Al Gore, imperialist: some inconvenient truths

Oct 24, 2007

Al Gore

Former U.S. Vice President and Senator Al Gore has been awarded the Nobel Peace Prize for his work against global warming.

Gore does have a long history of speaking out on the issue of global warming. His film, “An Inconvenient Truth,” has played a role in bringing the issue of climate change to broader masses of people.

However, Gore is no prophet of peace. He is a thoroughly imperialist politician who has supported numerous deadly U.S. attacks on oppressed nations. And while his environmental advocacy has promoted a scientifically accurate view of the causes of global warming, the solutions he advances are market based and do not address the root cause of the problem, which is untrammeled capitalist development.

An imperialist politician

As VP, Gore supported the dismemberment of the former Yugoslavia and advocated U.S. military attacks on Serbia. The Clinton-Gore administration supported a U.S. invasion of Somalia that was sold as a “humanitarian” intervention, and which ended in a rout as the Somali people fought back in the “Black Hawk Down” battle of Mogadishu.
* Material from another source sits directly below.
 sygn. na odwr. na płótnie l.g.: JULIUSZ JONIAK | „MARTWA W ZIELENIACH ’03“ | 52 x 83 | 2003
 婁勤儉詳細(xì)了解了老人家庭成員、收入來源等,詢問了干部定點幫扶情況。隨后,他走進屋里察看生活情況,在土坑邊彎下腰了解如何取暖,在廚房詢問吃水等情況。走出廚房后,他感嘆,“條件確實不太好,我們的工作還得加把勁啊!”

As vice president, Al Gore was architect of the Clinton administration’s Iraq policy. In response to an alleged Iraqi plot to assassinate George Bush the father, Gore advanced a retaliatory plan that resulted in the bombing of the Baghdad suburb of Mansour, killing Leila al-Attar, a prominent Iraqi artist.

Prior to the 2000 election, Gore called for expansion of the no-fly zones in Iraq and said that Iraqi planes entering the zones should be shot down.
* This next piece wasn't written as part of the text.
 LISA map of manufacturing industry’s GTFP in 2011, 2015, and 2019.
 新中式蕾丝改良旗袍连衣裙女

Gore expressed no remorse for the U.S.-backed sanctions that killed 1.5 million people in Iraq. A Counterpunch article by Alexander Cockburn recounted the following story:

“On June 29, 2000, Gore was in Chicago to talk about ‘energy policy incentives for cities.’ Danny Muller of Voices in the Wilderness went to Navy Pier, where the event was being held. Gore was at the podium amid wild ovations. Muller remembers the scene: ‘I raised my voice and asked ‘Mr. Gore, why should anyone vote for an administration that kills 5,000 innocent children a month through sanctions in Iraq?’ Gore stopped. And he laughed. He actually laughed. He said he would discuss this later in the day. I responded by saying that every ten minutes a child dies in Iraq due to sanctions and we do not have the time to wait.

“Muller was still protesting as Gore’s security goons hauled him off.”

Pro-capitalist global warming solutions

Gore’s environmental film and other public discourse have increased public knowledge of the scientific consensus on the causes of global warming through carbon emissions.

However, Gore’s solution to the problem of global warming is a “green capitalist” approach. His foundation supports programs like carbon trading and carbon offsets. With carbon offsets, individuals or corporations can pay money towards a project which might reduce carbon, such as planting trees somewhere, to “offset” carbon emissions they have created.

While this might seem logical because trees absorb carbon, (and tree-planting is generally a good thing) there is no proof that planting trees somewhere on the planet will offset the carbon emissions created by a specific airplane flight, or by a coal-fueled energy plant.

Carbon trading works in a similar fashion. Companies get credit to emit a certain amount of carbon. If a company does not emit carbon as much it is allowed to emit, that company can sell its left over carbon emissions credit to another company, which can then emit more. Both schemes are sort of like the old system of the Catholic Church selling “indulgences” for various sins.

Gore has also been a proponent of bio-fuels, which are heavily and confusingly promoted on the website of his foundation, the Alliance for Climate Protection.

Most bio-fuels are currently made from food crops such as corn, resulting in an increase in prices for corn, milk and other foods. For countries where corn is a staple, like Mexico, the increase in corn prices has hurt working-class people and led to street protests.

Elsewhere, as in Colombia, peasants and farmers are being pushed off their land so that palm oil plantations can expand to meet the demand for bio-fuels. Expanded bio-fuel crop planting has actually resulted in forests being cut down, which actually increases the level of carbon emissions.

Gore’s Nobel Prize is being hailed in the corporate media and many liberals as a validation of Gore as a “leader.” Some say it portends another run for the White House for the former vice president.

But for working people, for peace and environmental activists, Gore simply joins the ranks of imperialist political figures who have received the Nobel Peace Prize—from South Africa’s apartheid leader F.W. De Clerk, to Israeli Zionist Yitzak Rabin, to war criminal Henry Kissinger.